I never get a stiff neck brush hogging. I pay a guy out there to do it. He only charges $45 an hour, and what I need done takes about 4 hours. Until I get a tractor and all that stuff after we sell the house here and move out there, that's what I'm stuck with


----------



## Mid Tn Mama

Wonderful! Can you live on the property while it is being built? Hate to say it but if folks know you aren't there, they tend to walk away with supplies/windows/copper pipes,etc.

I know someone who lived in a travel trailer in the barn (elec and water hookup) while the house was built. They said it was cozy and no hardship.


----------



## Sturedman

Mid Tn Mama said:


> Wonderful! Can you live on the property while it is being built? Hate to say it but if folks know you aren't there, they tend to walk away with supplies/windows/copper pipes,etc.
> 
> I know someone who lived in a travel trailer in the barn (elec and water hookup) while the house was built. They said it was cozy and no hardship.


I have thought about that. The problem is we have to work for the next 3 years, and we work about 1-1/2 hours away, and have our house here. We have talked about getting one of those containers delivered to lock things up when we aren't there. What may happen is we just continue using it as a weekend place and continue clearing, do the well, septic and foundation stuff, but the building may be after we move. Staying in the rv will be no problem while we build the house.

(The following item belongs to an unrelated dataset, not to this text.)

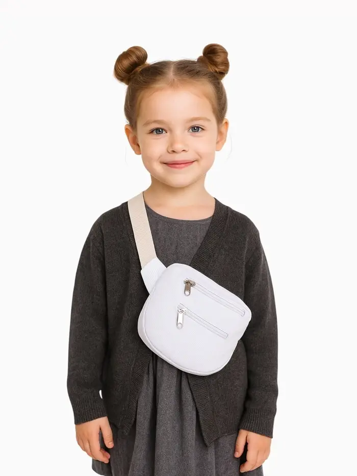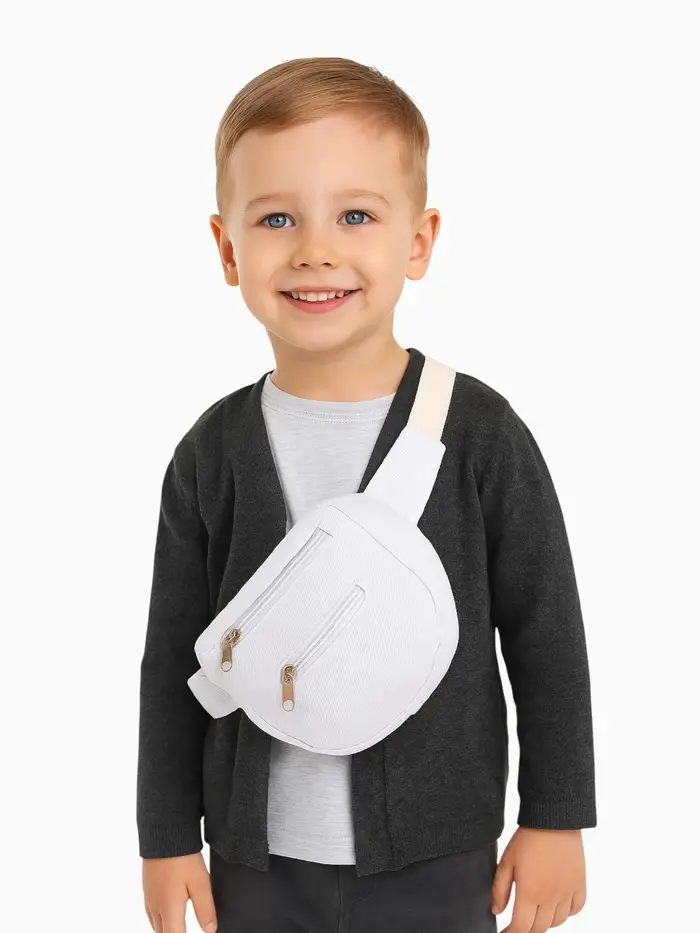 Эта белая поясная сумка — надёжный спутник для активного дня. Её компактный размер идеально подходит для ребёнка: в ней поместится всё необходимое, не сковывая движений. Мягкий текстиль приятен на ощупь, а регулируемый ремень легко настроить по фигуре для комфортной носки на бедре или через плечо.

We've been fortunate so far, and had no visitors. The guy that bought the other part of the property is out there a lot and keeps an eye on things. Neither of us have a set schedule when we will be showing up, or even be there. So there's no pattern that someone could watch us. He's one of those hard core prepper guys, and he's always out there building and playing lol.


----------



## Sturedman

Some updates and pics since my last post. August 1st I made the last payment on my house, and I quit smoking. That frees up $800.00 a month to contribute to the property. I bought a new Husqvarna 25 hp 48" cut tractor that Lowe's had the wrong price marked on it lol. I didn't need it, but for $700.00 I couldn't refuse. The truck that I traded my $300.00 rifle for was just sitting in my yard needing too much work. I have too many other projects going on, so I put it on craigslist to trade for a 4 wheeler. I traded for 1 that I didn't care for, so I traded that for 2 more. One of those I kept, the other one I sold for $700.00. So, I now have a Yamaha Timberwolf out there to play with too lol. Haven't done a lot out there except more clearing and mowing and laying out where things will be. I've got about a dozen various pics I will post just for the heck of it. We are now saving the $800 a month until spring of next year to frame and dry in the house by May. I scavenged a bunch of tin from work for a roof on the chicken coop, and a boat load of 2 x's from office remodeling they were doing. 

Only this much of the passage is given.